Extracted records
- - - - -
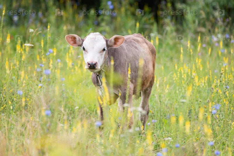 Теленок на лугу
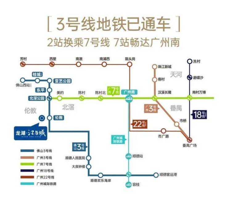 龙湖江与城位于顺德伦教板块,紧邻已开通的佛山地铁3号线伦教站,仅需两站即可换乘广州地铁7号线,九站可达广州南站,轻松融入广佛通勤圈。此外,自驾出行也十分便利,出门即上105国道,一桥直达番禺,无论是前往北滘新城上班,还是到番禺、广州逛街,都显得高效快捷。这样的交通优势大大降低了在北滘、番禺等地工作的购房者的通勤成本。
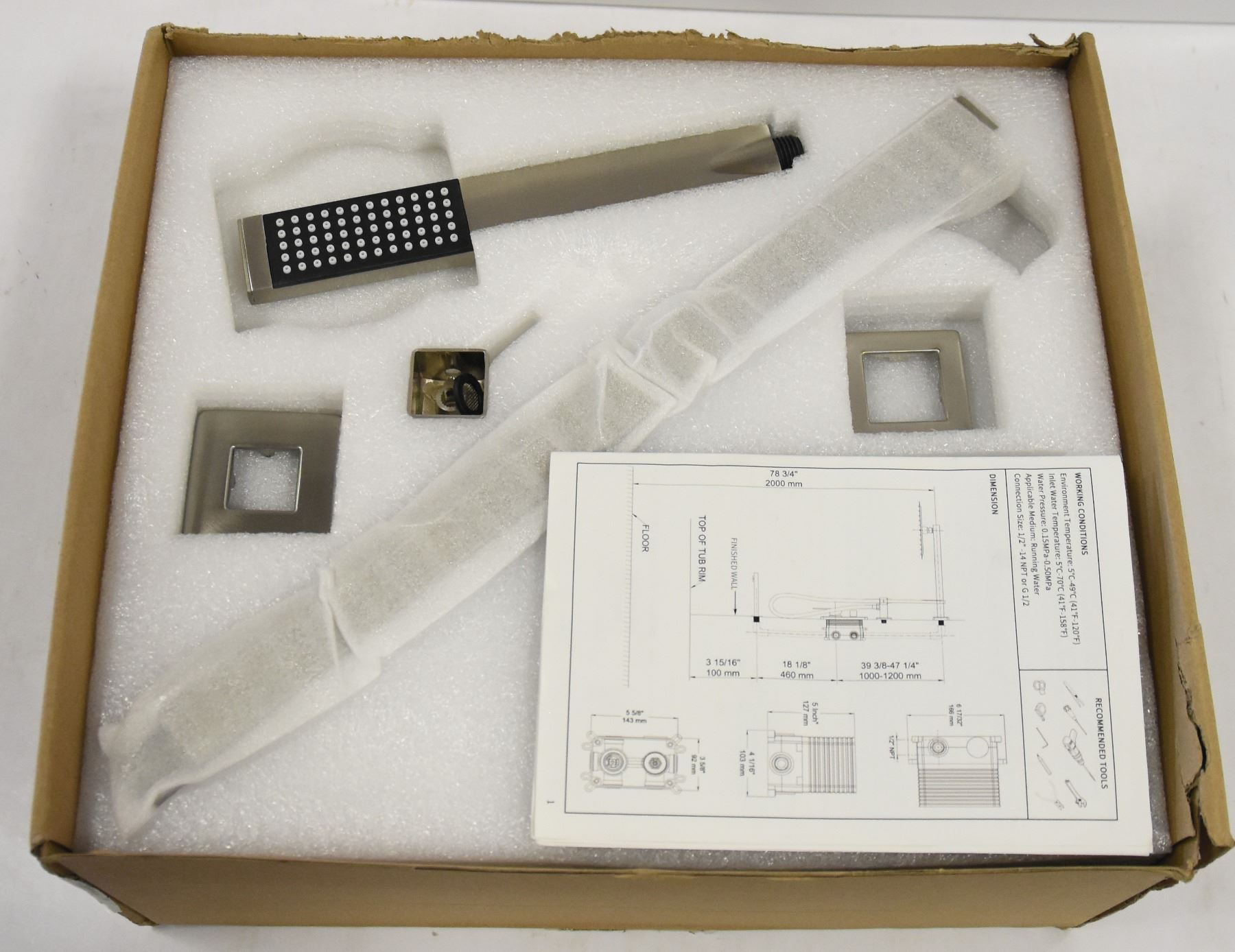 BRUSHED NICKEL FINISH, APPROX. 8" SQUARE MAIN HEAD, PULL OUT HAND WAND, FAUCET SPOUT WITH CONTROL SWITCH, ALL PARTS CONFIRMED, MODEL SB6305-BN-TEM1
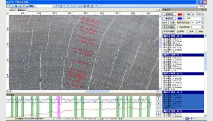 (3)具有【精細】分析選項,可自動分析出≤0.2mm寬度的年輪,分析獲得的測量數(shù)據(jù)具備進一步做交叉定年、數(shù)據(jù)分析處理能力。
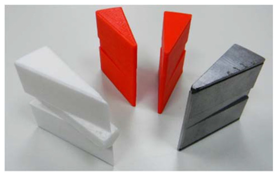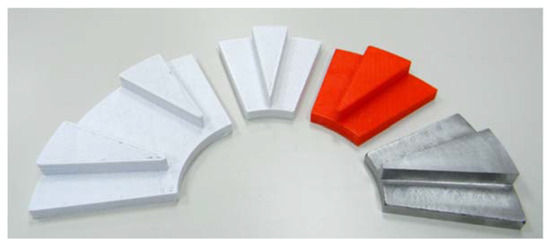 Figure 12 shows the evolution of the stator polar pieces from the first’s pieces obtained by 3D printing to the final of SMC. The evolution of the rotor pole pieces is also depicted in Figure 13. The final pieces of SMC both of stator and rotor are those that best respond, in shape and dimensions, to the conditioning factors of the materials, to the structural requirements, and to a minimization of its mass. Circumstances that modify some of the dimensions or parameters of the machine are indicated in the third column (final value) of Table A1 of the Appendix A.
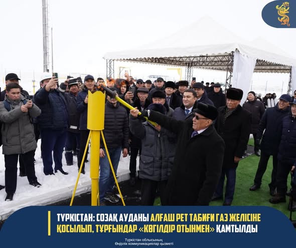 ТҮРКІСТАН: СОЗАҚ АУДАНЫ АЛҒАШ РЕТ ТАБИҒИ ГАЗ ЖЕЛІСІНЕ ҚОСЫЛЫП, ТҰРҒЫНДАР «КӨГІЛДІР ОТЫНМЕН» ҚАМТЫЛДЫ
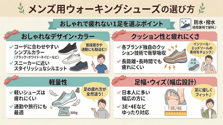おしゃれなメンズ用ウォーキングシューズは、デザインだけでなく、クッション性・軽量性・防水機能・幅広設計など、機能性との両立が大切です。
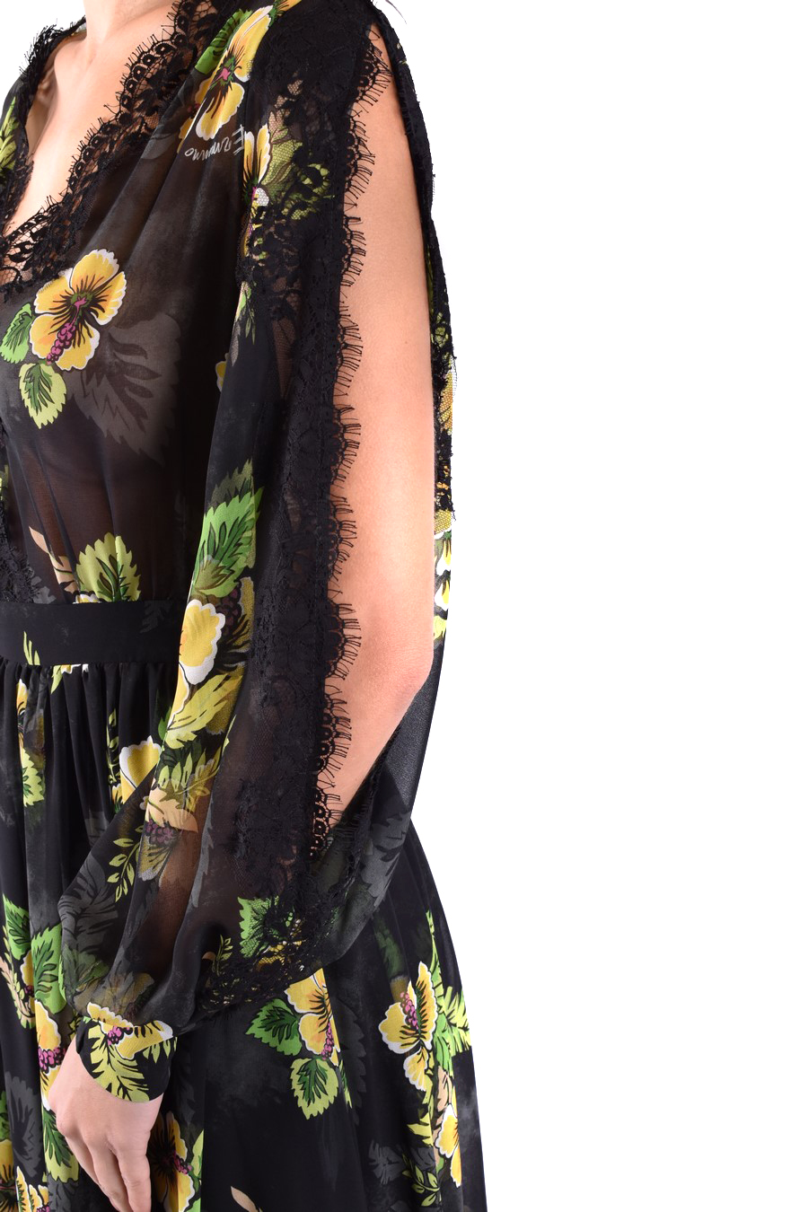 Abito stampa fiori con inserti in pizzo
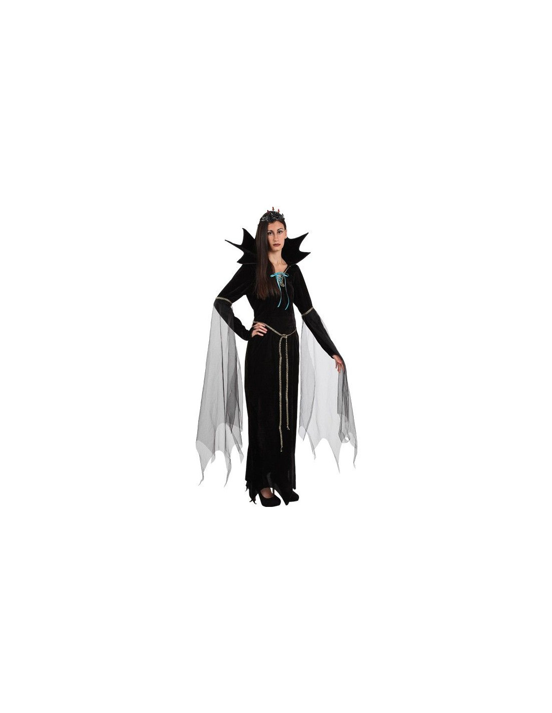 Disfraz Reina Malvada, que incluye: Vestido negro de terciopelo un poco elastico, con cuello de vampiro y tul en las mangas.
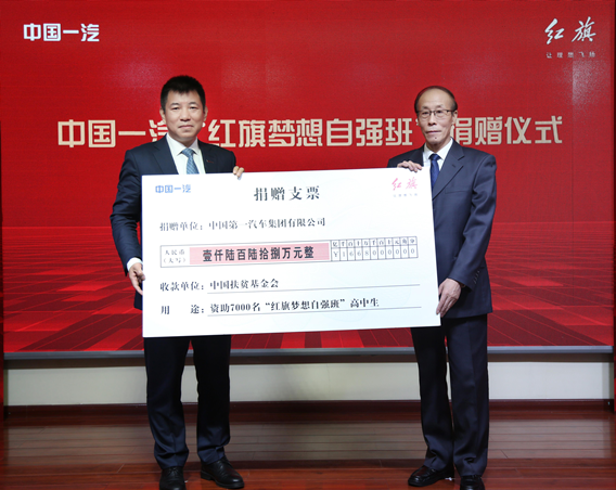 12月9日,中国一汽“红旗梦想自强班”捐赠仪式在北京举行。中国一汽向中国扶贫基金会捐赠2021年“红旗梦想自强班”助学金1668万元,用于支持脱贫地区的万余名学生实现求学梦想,以实际行动助力人才振兴,助推乡村振兴。
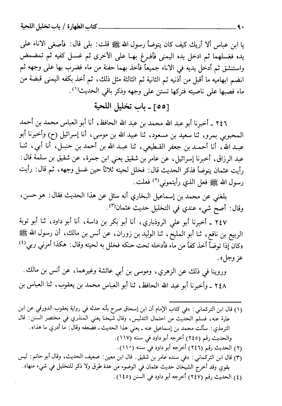 246 - أَخْبَرَنَا أَبُو عَبْدِ اللهِ مُحَمَّدُ بْنُ عَبْدِ اللهِ الْحَافِظُ، أنا أَبُو الْعَبَّاسِ مُحَمَّدُ بْنُ أَحْمَدَ الْمَحْبُوبِيُّ بِمَرْوَ، ثنا سَعِيدُ بْنُ مَسْعُودٍ، ثنا عُبَيْدُ اللهِ بْنُ مُوسَى، أنا إِسْرَائِيلُ، ح. وَأَخْبَرَنَا أَبُو عَبْدِ اللهِ، أنا أَحْمَدُ بْنُ جَعْفَرٍ الْقَطِيعِيُّ، ثنا عَبْدُ اللهِ بْنُ أَحْمَدَ بْنِ حَنْبَلٍ، أنا أَبِي، ثنا عَبْدُ الرَّزَّاقِ، أَخْبَرَنَا إِسْرَائِيلُ، عَنْ عَامِرِ بْنِ شَقِيقٍ يَعْنِي ابْنَ جَمْرَةَ، عَنْ شَقِيقِ بْنِ سَلَمَةَ، قَالَ: رَأَيْتُ عُثْمَانَ تَوَضَّأَ، فَذَكَرَ الْحَدِيثَ، قَالَ: §فَخَلَّلَ لِحْيَتَهُ ثَلَاثًا حِينَ غَسَلَ وَجْهَهُ، ثُمَّ قَالَ: " رَأَيْتُ رَسُولَ اللهِ صَلَّى اللهُ عَلَيْهِ وَسَلَّمَ فَعَلَ الَّذِي رَأَيْتُمُونِي فَعَلْتُ ". بَلَغَنِي عَنْ مُحَمَّدِ بْنِ إِسْمَاعِيلَ الْبُخَارِيِّ، أَنَّهُ سُئِلَ عَنْ هَذَا الْحَدِيثِ فَقَالَ: هُوَ حَسَنٌ. وَقَالَ: أَصَحُّ شَيْءٍ عِنْدِي فِي التَّخْلِيلِ حَدِيثُ عُثْمَانَ
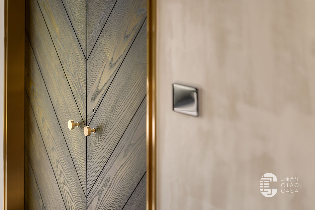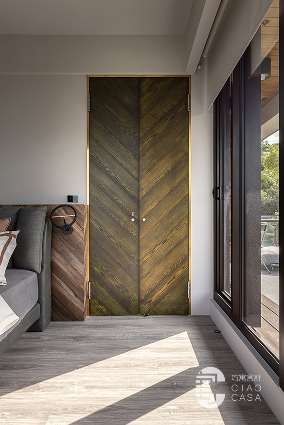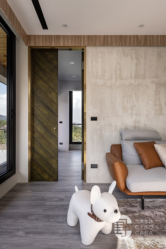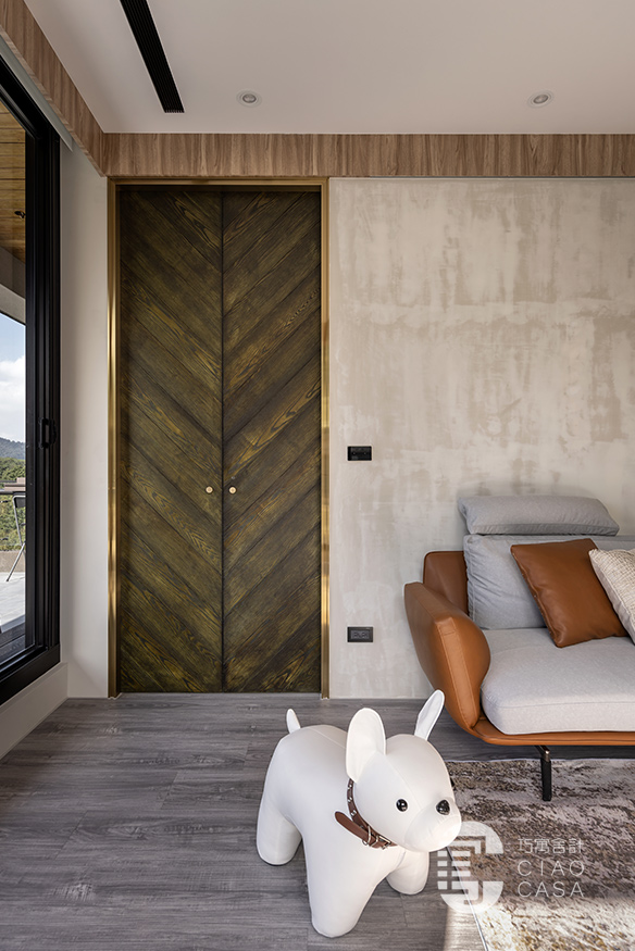 沙發後方以鍍鈦門框、實木染綠設計的雙開門,構成通往主臥的入口,大器地推開兩扇大門、別有一番儀式感的風格,一圓了老婆的夢想。
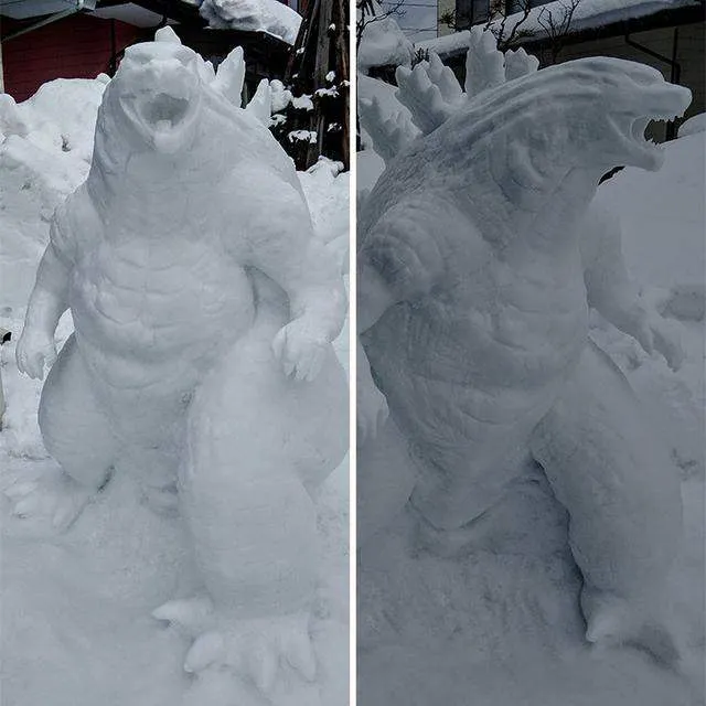 ศิลปินญี่ปุ่นใช้หิมะเพื่อสร้าง 'สัตว์ประหลาด' ต่างๆ ได้น่ารักมาก
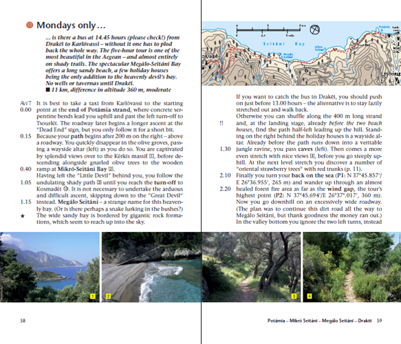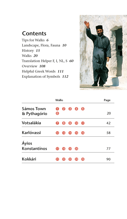 Particularly worthwhile is the north coast with wooded slopes and vineyards which continue to be criss-crossed by old mule tracks. But the destinations described in this book also include old monasteries and the archaeological sites around Pythagório.
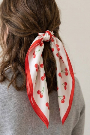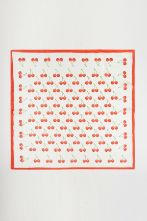 - This scarf brings a luxurious cherry fruit print bandana style. Savor the allure of detailed craftsmanship in this exquisite scarf.
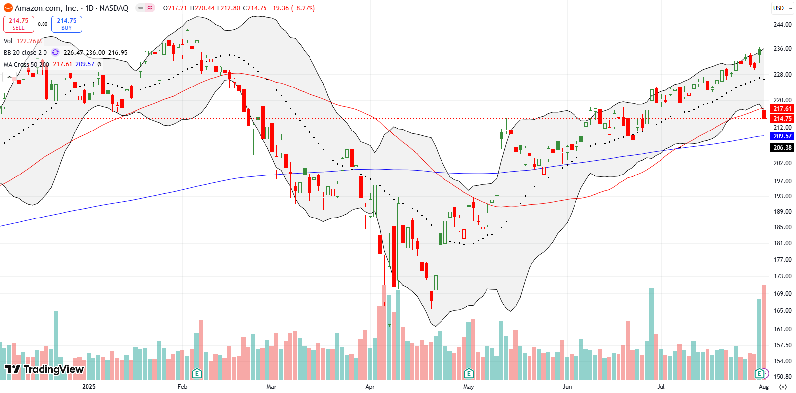 Technical status: I observed Amazon break decisively below its 50DMA post‑earnings, falling over 8% with 200DMA support waiting below.
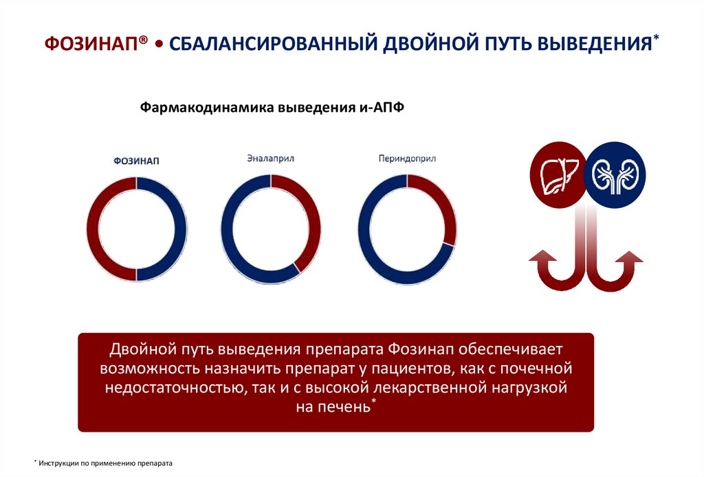 ФОЗИНАП® • СБАЛАНСИРОВАННЫЙ ДВОЙНОЙ ПУТЬ ВЫВЕДЕНИЯ*Фармакодинамика выведения и-АПФ
- - - - -
=== Task instructions ===
Reproduce exactly and only the lines from the one with "Disfraz Reina Malvada, que" through the final line of the records above, inclusive. Pictures must be left out.

=== Task result ===
 Disfraz Reina Malvada, que incluye: Vestido negro de terciopelo un poco elastico, con cuello de vampiro y tul en las mangas.
 12月9日,中国一汽“红旗梦想自强班”捐赠仪式在北京举行。中国一汽向中国扶贫基金会捐赠2021年“红旗梦想自强班”助学金1668万元,用于支持脱贫地区的万余名学生实现求学梦想,以实际行动助力人才振兴,助推乡村振兴。
 246 - أَخْبَرَنَا أَبُو عَبْدِ اللهِ مُحَمَّدُ بْنُ عَبْدِ اللهِ الْحَافِظُ، أنا أَبُو الْعَبَّاسِ مُحَمَّدُ بْنُ أَحْمَدَ الْمَحْبُوبِيُّ بِمَرْوَ، ثنا سَعِيدُ بْنُ مَسْعُودٍ، ثنا عُبَيْدُ اللهِ بْنُ مُوسَى، أنا إِسْرَائِيلُ، ح. وَأَخْبَرَنَا أَبُو عَبْدِ اللهِ، أنا أَحْمَدُ بْنُ جَعْفَرٍ الْقَطِيعِيُّ، ثنا عَبْدُ اللهِ بْنُ أَحْمَدَ بْنِ حَنْبَلٍ، أنا أَبِي، ثنا عَبْدُ الرَّزَّاقِ، أَخْبَرَنَا إِسْرَائِيلُ، عَنْ عَامِرِ بْنِ شَقِيقٍ يَعْنِي ابْنَ جَمْرَةَ، عَنْ شَقِيقِ بْنِ سَلَمَةَ، قَالَ: رَأَيْتُ عُثْمَانَ تَوَضَّأَ، فَذَكَرَ الْحَدِيثَ، قَالَ: §فَخَلَّلَ لِحْيَتَهُ ثَلَاثًا حِينَ غَسَلَ وَجْهَهُ، ثُمَّ قَالَ: " رَأَيْتُ رَسُولَ اللهِ صَلَّى اللهُ عَلَيْهِ وَسَلَّمَ فَعَلَ الَّذِي رَأَيْتُمُونِي فَعَلْتُ ". بَلَغَنِي عَنْ مُحَمَّدِ بْنِ إِسْمَاعِيلَ الْبُخَارِيِّ، أَنَّهُ سُئِلَ عَنْ هَذَا الْحَدِيثِ فَقَالَ: هُوَ حَسَنٌ. وَقَالَ: أَصَحُّ شَيْءٍ عِنْدِي فِي التَّخْلِيلِ حَدِيثُ عُثْمَانَ
 沙發後方以鍍鈦門框、實木染綠設計的雙開門,構成通往主臥的入口,大器地推開兩扇大門、別有一番儀式感的風格,一圓了老婆的夢想。
 ศิลปินญี่ปุ่นใช้หิมะเพื่อสร้าง 'สัตว์ประหลาด' ต่างๆ ได้น่ารักมาก
 Particularly worthwhile is the north coast with wooded slopes and vineyards which continue to be criss-crossed by old mule tracks. But the destinations described in this book also include old monasteries and the archaeological sites around Pythagório.
 - This scarf brings a luxurious cherry fruit print bandana style. Savor the allure of detailed craftsmanship in this exquisite scarf.
 Technical status: I observed Amazon break decisively below its 50DMA post‑earnings, falling over 8% with 200DMA support waiting below.
 ФОЗИНАП® • СБАЛАНСИРОВАННЫЙ ДВОЙНОЙ ПУТЬ ВЫВЕДЕНИЯ*Фармакодинамика выведения и-АПФ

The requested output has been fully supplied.